Role-based authorization checks are declarative—the developer embeds them within their code, against a controller or an action within a controller, specifying roles which the current user must be a member of to access the requested resource.

[Authorize(Roles = "HRManager,Finance")]
public class SalaryController : Controller
{
}

This controller would be only accessible by users who are members of the HRManager role or the Finance role.

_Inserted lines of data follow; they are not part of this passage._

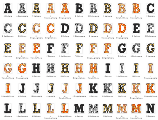 Black and Orange Spirit Marquee Varsity Alpha Bundle - Set of 5 Alphabets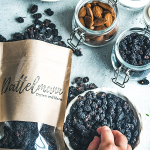 | 100 % ekologiškos juodosios šilkmedžio uogos iš Turkijos: natūraliai džiovintos saulėje, be pridėtinio cukraus, konservantų ir sulfitų.| Retos ir aukščiausios kokybės: Daugiau skonio ir antioksidantų nei baltosios šilkmedžio uogos| Maistingųjų medžiagų kupinas supermaistas: Daug geležies, skaidulų ir antocianinų, palaikančių sveikatingumą.| Skaniai saldus ir rūgštus: Drąsus skonis, kuris pagardina kokteilius, avižinius dribsnius ir kepimo receptus.| Tvariai išgaunama ir renkama rankomis: kruopščiai atrinktos, kad būtų užtikrintas maksimalus šviežumas ir kokybė| Veganiškas ir be glitimo užkandis: Puikiai tinka švariai mitybai, žaliavalgystės dietoms ir užkandžiavimui be kaltės jausmo.|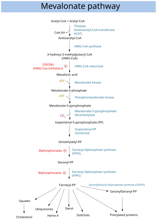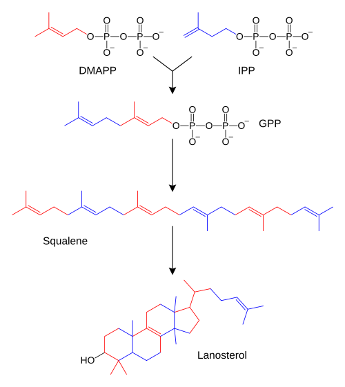 Simplified version of the steroid synthesis pathway with the intermediates isopentenyl pyrophosphate (IPP), dimethylallyl pyrophosphate (DMAPP), geranyl pyrophosphate (GPP) and squalene shown. Some intermediates are omitted.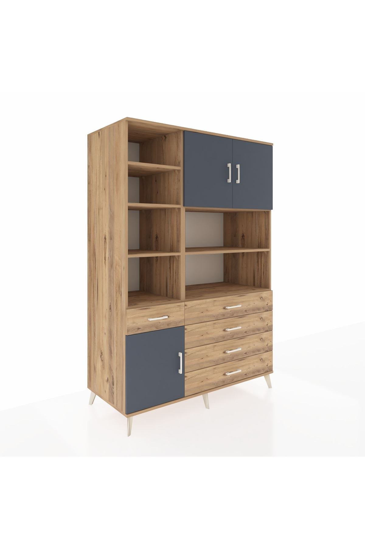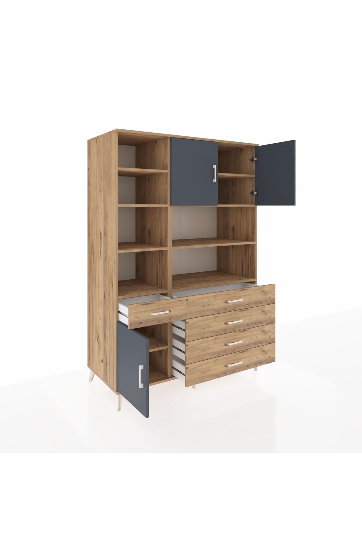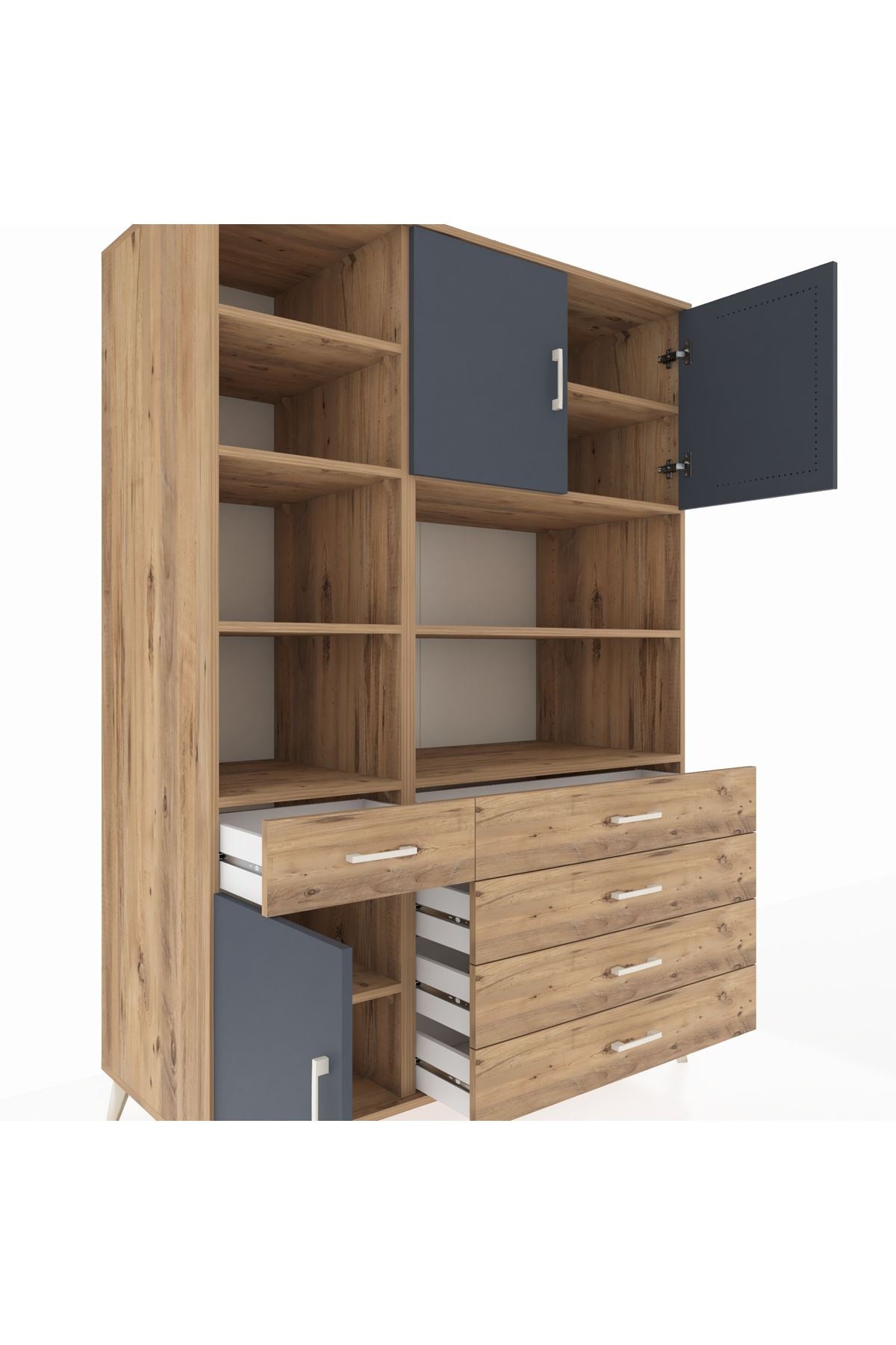 Kronos Dolap 9 Raflı 5 Çekmeceli 3 Kapaklı 132x59x195 Çam-Antrasit/Çam

If you apply multiple attributes then an accessing user must be a member of all the roles specified:

[Authorize(Roles = "PowerUser")]
[Authorize(Roles = "ControlPanelUser")]
public class ControlPanelController : Controller
{
}

You can also lock down a controller but allow anonymous, unauthenticated access to individual actions:

[Authorize]
public class ControlPanelController : Controller
{
    public ActionResult SetTime()
    {
    }

    [AllowAnonymous]
    public ActionResult Login()
    {
    }
}

Policy based role checks

Role requirements can also be expressed using the new Policy syntax, where a developer registers a policy at startup as part of the Authorization service configuration. This normally occurs in ConfigureServices() in your Startup.cs file.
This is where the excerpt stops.